#### [Work request]
Using the records below, repeat exactly the lines from the one holding "Ferienhaus mit Pool" through the one holding "happy venti day!!", both ends included, and no others.

#### [Supplied information]
______________________________

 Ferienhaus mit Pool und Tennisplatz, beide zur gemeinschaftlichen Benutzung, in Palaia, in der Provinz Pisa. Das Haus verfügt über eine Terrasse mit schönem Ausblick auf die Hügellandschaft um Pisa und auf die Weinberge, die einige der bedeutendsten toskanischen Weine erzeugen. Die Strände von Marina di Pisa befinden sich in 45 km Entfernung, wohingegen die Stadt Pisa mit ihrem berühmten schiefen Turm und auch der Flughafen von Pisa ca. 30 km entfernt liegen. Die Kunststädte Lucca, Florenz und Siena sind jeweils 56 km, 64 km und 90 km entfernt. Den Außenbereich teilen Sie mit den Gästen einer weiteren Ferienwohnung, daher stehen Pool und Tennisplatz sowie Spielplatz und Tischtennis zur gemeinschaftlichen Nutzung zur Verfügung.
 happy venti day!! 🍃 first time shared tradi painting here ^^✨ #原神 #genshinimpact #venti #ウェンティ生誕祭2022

______________________________

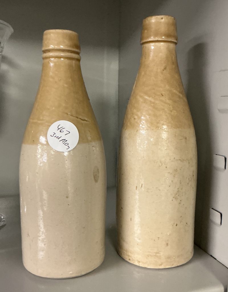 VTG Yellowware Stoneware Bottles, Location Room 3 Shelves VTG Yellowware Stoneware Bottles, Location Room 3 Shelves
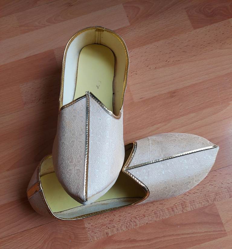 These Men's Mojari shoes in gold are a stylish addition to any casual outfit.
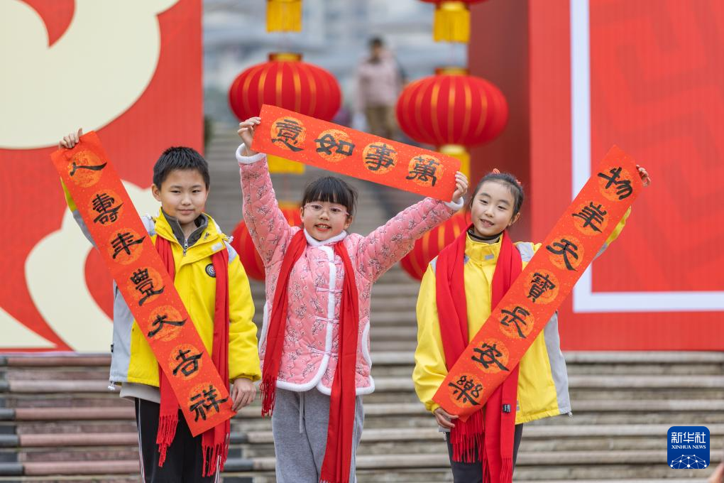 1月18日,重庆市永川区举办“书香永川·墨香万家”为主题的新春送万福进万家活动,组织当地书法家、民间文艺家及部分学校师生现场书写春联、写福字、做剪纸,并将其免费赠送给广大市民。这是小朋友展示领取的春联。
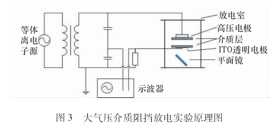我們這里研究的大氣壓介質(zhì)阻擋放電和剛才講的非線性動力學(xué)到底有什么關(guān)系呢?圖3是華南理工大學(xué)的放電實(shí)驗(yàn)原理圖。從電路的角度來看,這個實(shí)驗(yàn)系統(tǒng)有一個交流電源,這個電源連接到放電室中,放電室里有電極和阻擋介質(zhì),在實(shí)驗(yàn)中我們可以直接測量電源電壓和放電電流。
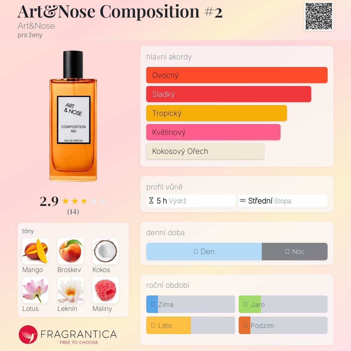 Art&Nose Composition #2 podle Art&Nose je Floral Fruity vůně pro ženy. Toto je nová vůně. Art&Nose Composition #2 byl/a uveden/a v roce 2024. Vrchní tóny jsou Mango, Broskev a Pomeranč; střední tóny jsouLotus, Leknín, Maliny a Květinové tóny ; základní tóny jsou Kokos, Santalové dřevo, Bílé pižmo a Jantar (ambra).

______________________________

#### [Written response]
 Ferienhaus mit Pool und Tennisplatz, beide zur gemeinschaftlichen Benutzung, in Palaia, in der Provinz Pisa. Das Haus verfügt über eine Terrasse mit schönem Ausblick auf die Hügellandschaft um Pisa und auf die Weinberge, die einige der bedeutendsten toskanischen Weine erzeugen. Die Strände von Marina di Pisa befinden sich in 45 km Entfernung, wohingegen die Stadt Pisa mit ihrem berühmten schiefen Turm und auch der Flughafen von Pisa ca. 30 km entfernt liegen. Die Kunststädte Lucca, Florenz und Siena sind jeweils 56 km, 64 km und 90 km entfernt. Den Außenbereich teilen Sie mit den Gästen einer weiteren Ferienwohnung, daher stehen Pool und Tennisplatz sowie Spielplatz und Tischtennis zur gemeinschaftlichen Nutzung zur Verfügung.
 happy venti day!! 🍃 first time shared tradi painting here ^^✨ #原神 #genshinimpact #venti #ウェンティ生誕祭2022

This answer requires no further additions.